Appendix E. Proof of \({\varvec{L}}_{\mathrm{R}}=0\) for the dyon–solenoid configuration
Using the generalised Maxwell equations \(\nabla \times \varvec{\mathcal {E}}=-(1/c)\partial \varvec{\mathcal {B}}/\partial t - (4\pi /c) \varvec{\mathcal {J}}_{m}\) and \(\nabla \times \varvec{\mathcal {B}}= (1/c)\partial \varvec{\mathcal {E}}/\partial t + (4\pi /c)\varvec{\mathcal {J}}_{e}\), we can write Eq. (48) as
$$\begin{aligned} {{\varvec{L}}}_{\mathrm{R}}= & {} \frac{1}{4\pi c^2}\frac{\partial }{\partial t}\int _{V}\mathbf{x} \times \!\big (\varvec{\mathcal {E}}\times \mathbf{C}\big )\,d^3x+\frac{1}{c^2}\int _{V}\mathbf{x} \times \big (\varvec{\mathcal {J}}_{e}\times \mathbf{C} \big )d^3x\qquad \nonumber \\&-\frac{1}{4\pi c^2}\frac{\partial }{\partial t}\int _{V}\mathbf{x} \times \!\big (\varvec{\mathcal {B}}\times \mathbf{A}\big )\,d^3x-\frac{1}{c^2} \int _{V}\mathbf{x} \times \big (\varvec{\mathcal {J}}_{m}\times \mathbf{A} \big )d^3x.\,\,\, \end{aligned}$$
(E1)
We can now apply (D1) to the dyon–solenoid configuration covering all space expect the dual solenoid.
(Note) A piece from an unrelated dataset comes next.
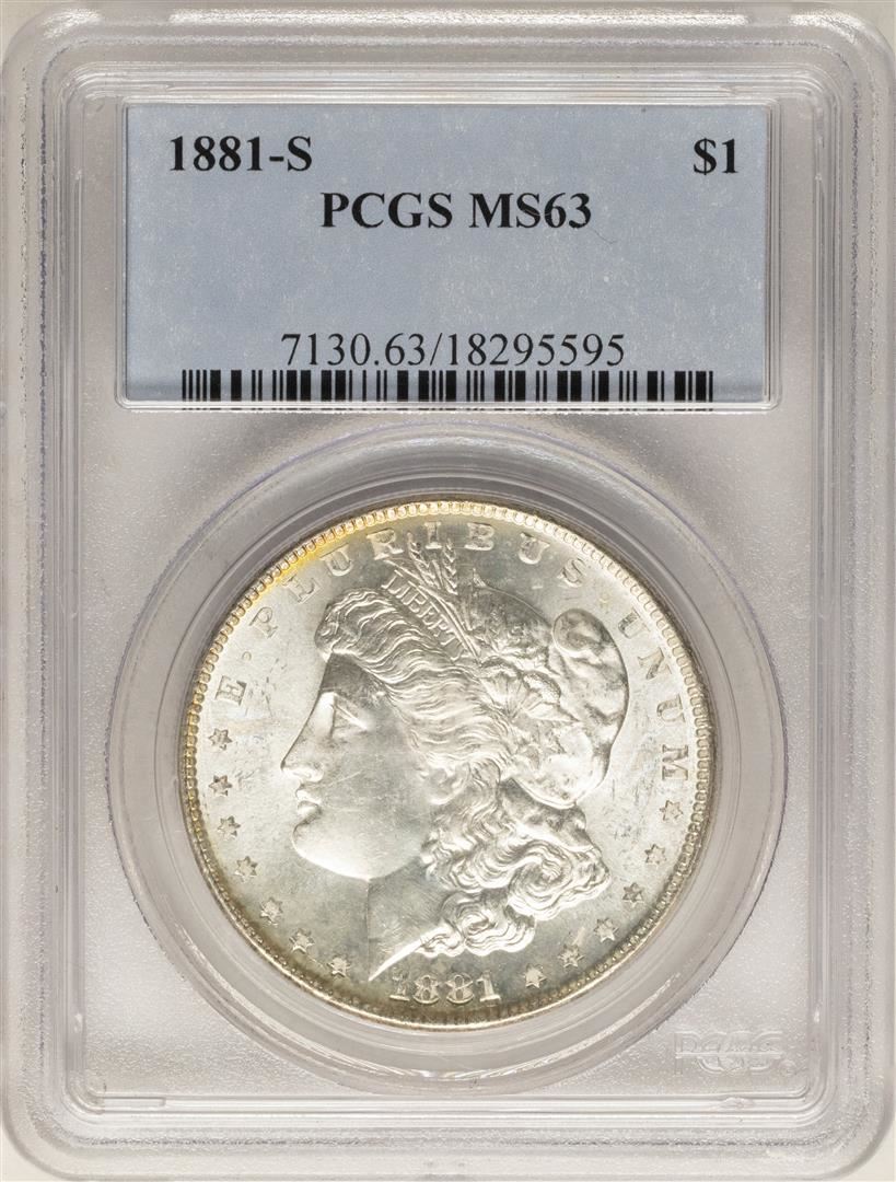 1881-S $1 Morgan Silver Dollar Coin PCGS MS63 Amazing Rainbow Toning

Inserting the position vector \(\mathbf{x}= \rho {\hat{\varvec{\rho }}} + z \hat{\mathbf{z}},\) the potentials outside the dual solenoid \(\mathbf{A}=\mathbf{A}_{\mathrm{out}}(\mathbf{x})=\varPhi _{m}\, \hat{\!\varvec{\phi }}/(2\pi \rho )\) and \(\mathbf{C}=\mathbf{C}_{\mathrm{out}}(\mathbf{x})=-\varPhi _{e}\, \hat{\!\varvec{\phi }}/(2\pi \rho ),\) and \(d^3x=\rho d\rho d\phi dz\) in (D1), we obtain
$$\begin{aligned} {{\varvec{L}}}_{\mathrm{R}}= & {} -\frac{\varPhi _{e}}{8\pi ^2 c^2}\frac{\partial }{\partial t}\bigg [ \int _{V}\rho \,\hat{\!\varvec{\rho }}\times \!\big (\varvec{\mathcal {E}}\times \,\hat{\!\varvec{\phi }}\big )\,d\rho d\phi dz + \int _{V}z\hat{\mathbf{z}}\times \!\big (\varvec{\mathcal {E}}\times \,\hat{\!\varvec{\phi }}\big )\, d\rho d\phi dz \bigg ] \,\,\, \nonumber \\&-\frac{\varPhi _{e}}{2\pi c^2}\bigg [\int _{V} \rho \,\hat{\!\varvec{\rho }}\times \!\big (\varvec{\mathcal {J}}_{e}\times \,\hat{\!\varvec{\phi }}\big )\, d\rho d\phi dz+\int _{V}z\hat{\mathbf{z}}\times \!\big (\varvec{\mathcal {J}}_{e}\times \,\hat{\!\varvec{\phi }}\big )\, d\rho d\phi dz \bigg ]\quad \nonumber \\&- \frac{\varPhi _{m}}{8\pi ^2 c^2}\frac{\partial }{\partial t} \bigg [\int _{V}\rho \,\hat{\!\varvec{\rho }}\times \!\big (\varvec{\mathcal {B}}\times \,\hat{\!\varvec{\phi }}\big )\,d\rho d\phi dz+\int _{V}z\hat{\mathbf{z}}\times \!\big (\varvec{\mathcal {B}}\times \,\hat{\!\varvec{\phi }}\big )\,d\rho d\phi dz\bigg ]\, \nonumber \\&- \frac{\varPhi _{m}}{2\pi c^2}\bigg [\int _{V} \rho \,\hat{\!\varvec{\rho }}\times \!\big (\varvec{\mathcal {J}}_{m}\times \,\hat{\!\varvec{\phi }}\big )\, d\rho d\phi dz + \int _{V}z\hat{\mathbf{z}}\times \!\big (\varvec{\mathcal {J}}_{m}\times \,\hat{\!\varvec{\phi }}\big )\, d\rho d\phi dz \bigg ]. \end{aligned}$$
(E2)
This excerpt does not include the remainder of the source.